I walked up the twisting cobbled street, past a group of Bethlehem boys playing marbles—with dried figs—and came, half a mile from the town of small white houses, to the field of the shepherds. I crossed the open space of barley stubble and stood beside the grove in the center, where they say the shepherds watched their flocks by night. I saw the “little gray leaves” of the olives twinkle and flash in a radiance of sunshine that smashed the clouds to pieces. A flock of goldfinches overhead were jubilant and generous with delicate bits of song. Yes, both heaven and nature sang. But neither had more to say than did the bleating sheep or the moss that clung to the ruined wall.

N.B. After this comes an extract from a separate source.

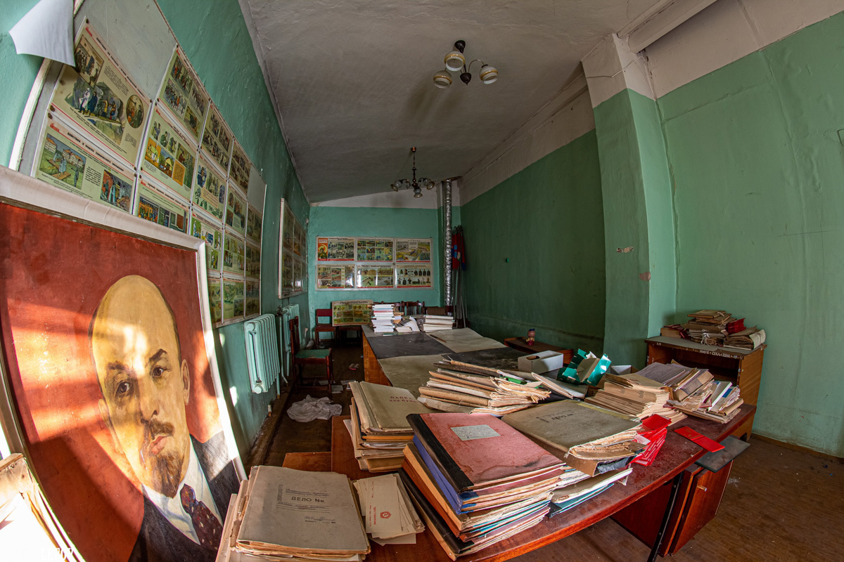 В остальных комнатах — сломанная мебель, хлам. Ну, и стопки документов, книг — явно архив вывезли не полностью. Атмосферно? Конечно. Ведь эти стены столько всего помнят.
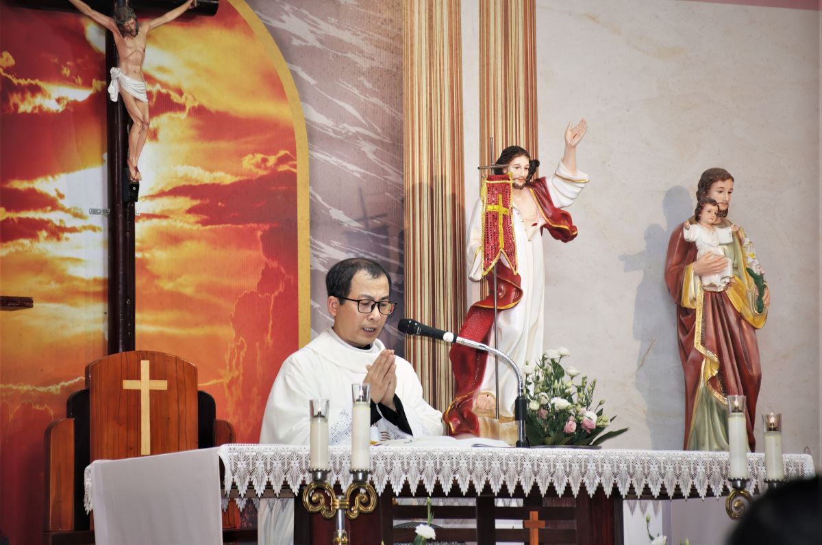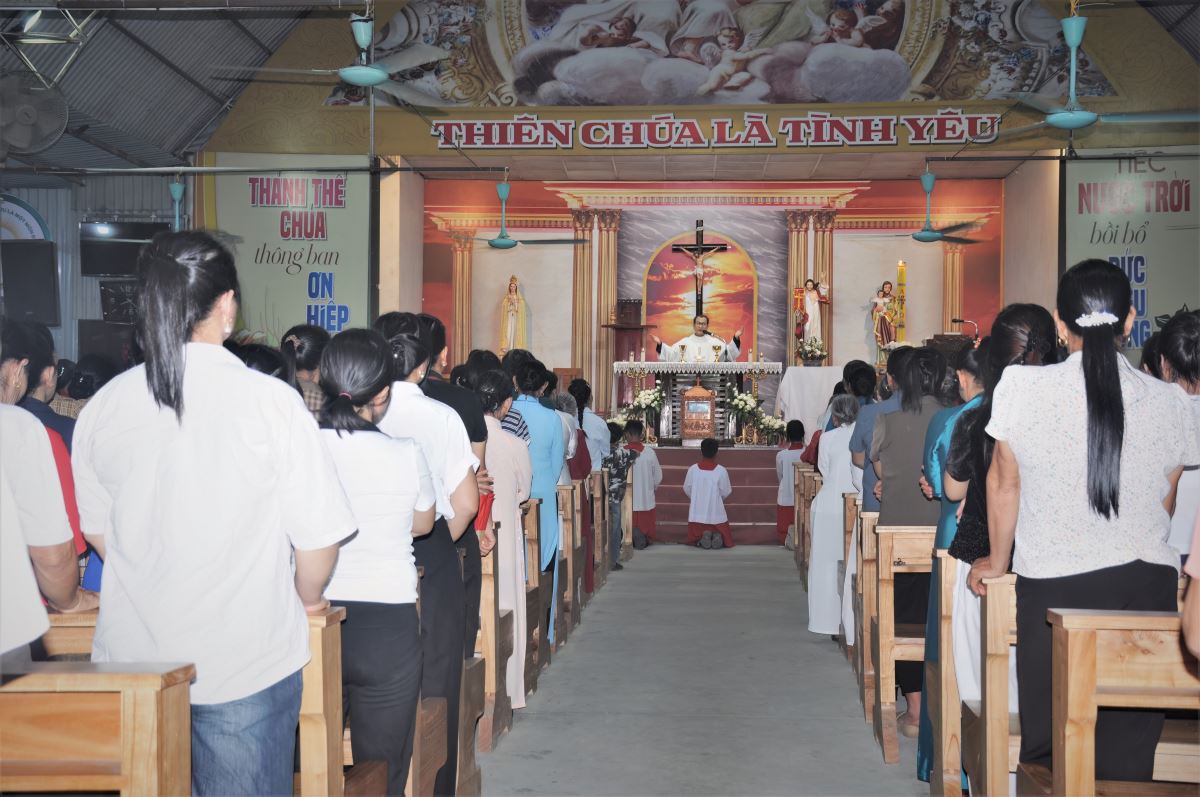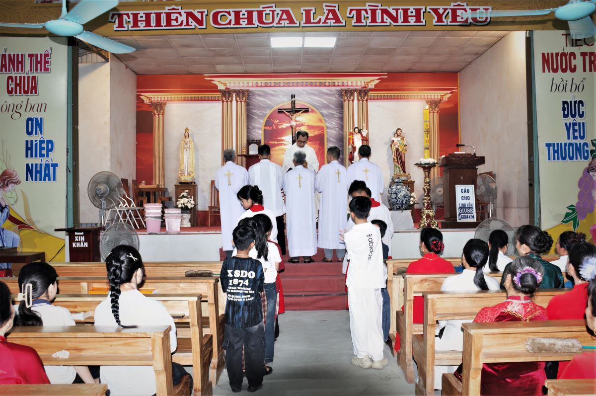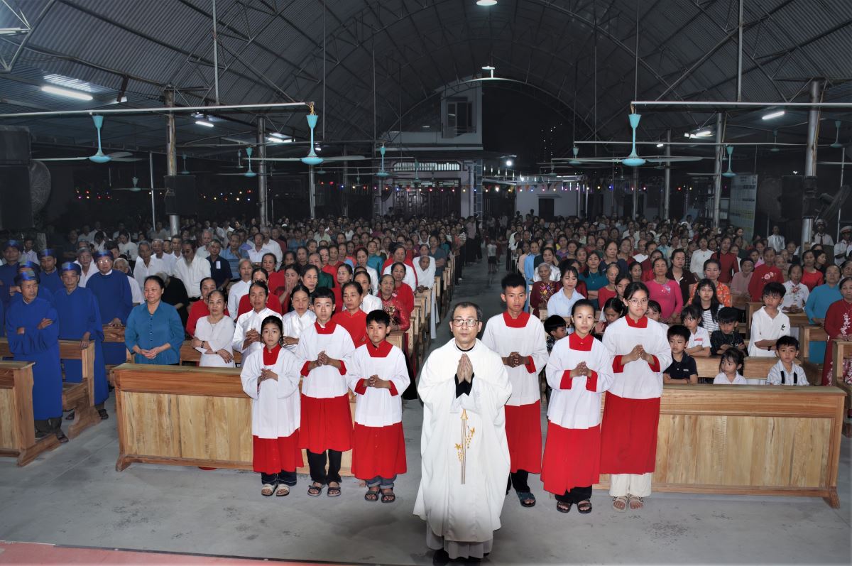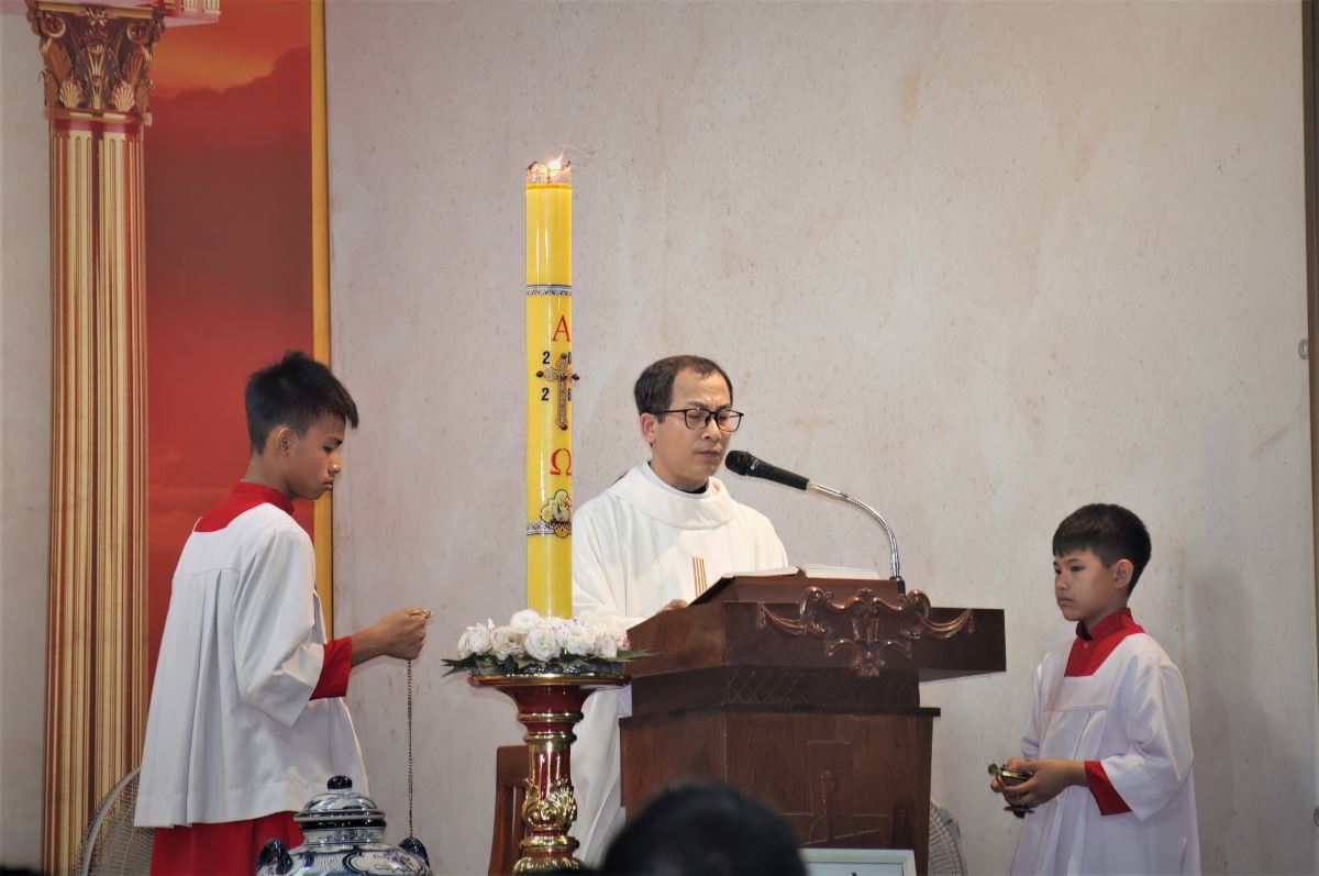 WGPHH - Trong niềm hân hoan của ngày đại lễ mừng Chúa sống lại, vào lúc 19g30, Chúa nhật ngày 05.4.2026, tại nhà thờ giáo xứ Trại Sơn, cộng đoàn dân Chúa đã long trọng quy tụ tham dự Thánh lễ Phục Sinh do cha phó đặc trách Vinh Sơn Vũ Văn Nguyện chủ sự. Hiệp dâng Thánh lễ có quý thầy cùng đông đảo bà con giáo dân trong toàn giáo xứ, tạo nên bầu khí sốt sắng, trang nghiêm nhưng chan hòa niềm vui và hy vọng.

Five miles back on the Arab pony to Jerusalem and St. George’s. As I entered the cathedral door I said: “Here at least in this holy place (why, right over there through the window, is the little green hill of Calvary), here will ‘shine the Infant Light.’” And to be sure, the vaults of the great church did ring and thrill as five hundred soldiers chorused “Hark the Herald Angels Sing.” Those men stood stiff and true as they sang. They had fought a good fight. Every brass button, every inch of leather on Sam Browne belt and bandolier, every spur was polished and shining. There was, too, many a glorious ribbon above the heart that spoke of gallantry and valor. But I went away from that church unsatisfied still. They had knelt in awe and wonder. They had sung “Noel, Noel.” The light of “a little strange star” had shone upon them—for a passing moment. But would that light last? Would those men rise from their knees and go out from the holy place not only to hate the hideous waste of war, but to love the cause of peace, to love it with such a holy flaming passion as they had loved their country and their king?

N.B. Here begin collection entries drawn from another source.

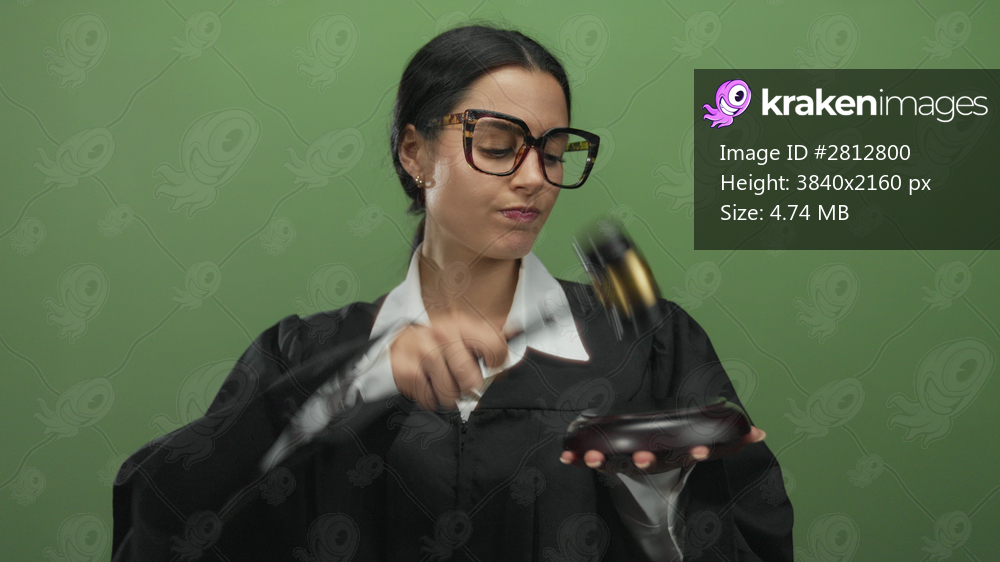 Young hispanic woman judge holding gavel against isolated green background wearing black robe and glasses depicting legal authority and justice.
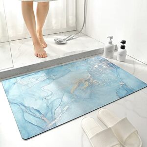 Marble Bath Rug Mat, Quick Dry Floor mat, Soft Carpet Anti-Slip Bathroom Rug Floor Rug, Washable Crystal Shape Mat – Blue,19.7″x31.5″
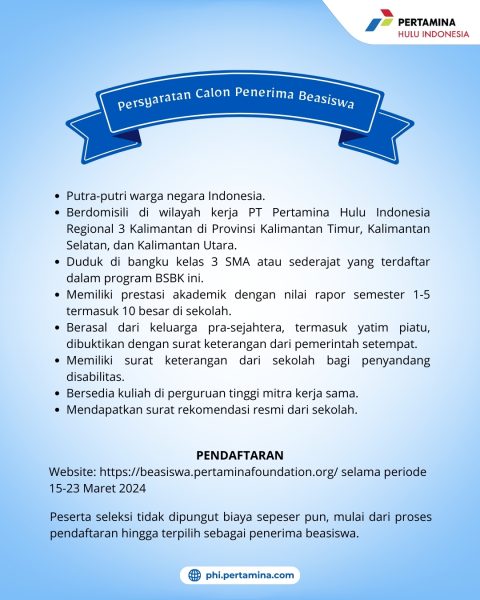 Pendaftaran BSBK dibuka mulai 15 Maret hingga 23 Maret 2024 melalui website Pertamina Foundation. Informasi seputar Program BSBK juga dapat diakses melalui media sosial resmi PT Pertamina Hulu Indonesia dan Pertamina Foundation. (Rama Julian)

There was no telling. I could only remember that those of us who feel we have the light of a new day in our eyes might never see that day. It might be that some of us would have to go down to another hell of bursting bombs and shells, of bullets, of gas that twists the human face into inhuman shapes of agony, to the dreary, hopeless tedium of the trenches, and the mad resentment against the powers of this world.
Not too jubilant that Christmas morning I returned to the orphanage up on the westernmost hill of Jerusalem, the orphanage that the American Red Cross had taken over a few months before from Pastor Schneller, the kindly, gray-haired German missionary who had given all he had to the fatherless children of Palestine. Here they were: hundreds of Syrian youngsters, mastering a trade in the apprentice shops, or learning to eat real food once more. It was dinner time. I went into the big orphanage kitchen to say Merry Christmas to Hilweh, the cook. She was active and smiling and radiant as always, and because this was Christmas day she was wearing the steeple-like headdress of white muslin and the beautiful crimson and purple and blue embroidery on her breast that Bethlehem women wear. Hilweh seemed glad at her task, glad to be working as she stirred a huge wooden spoon in a brass pot. That mother of the strong arm and radiant face (she was mother to all the orphans, though she would have no fooling in her kitchen) was a Mohammedan, and too old, I suppose, to change her creed. Those whom she fed were oncoming Christian Armenians and Orthodox and Moslems who, if they had remained in their villages, would now be quarreling one with another, faith against faith, grudge against grudge. But here Mohammedan Hilweh doled out bread and lentils to Turk and Christian alike, and here this Christmas morning I found among her and her charges what elsewhere I had missed—Bethlehem.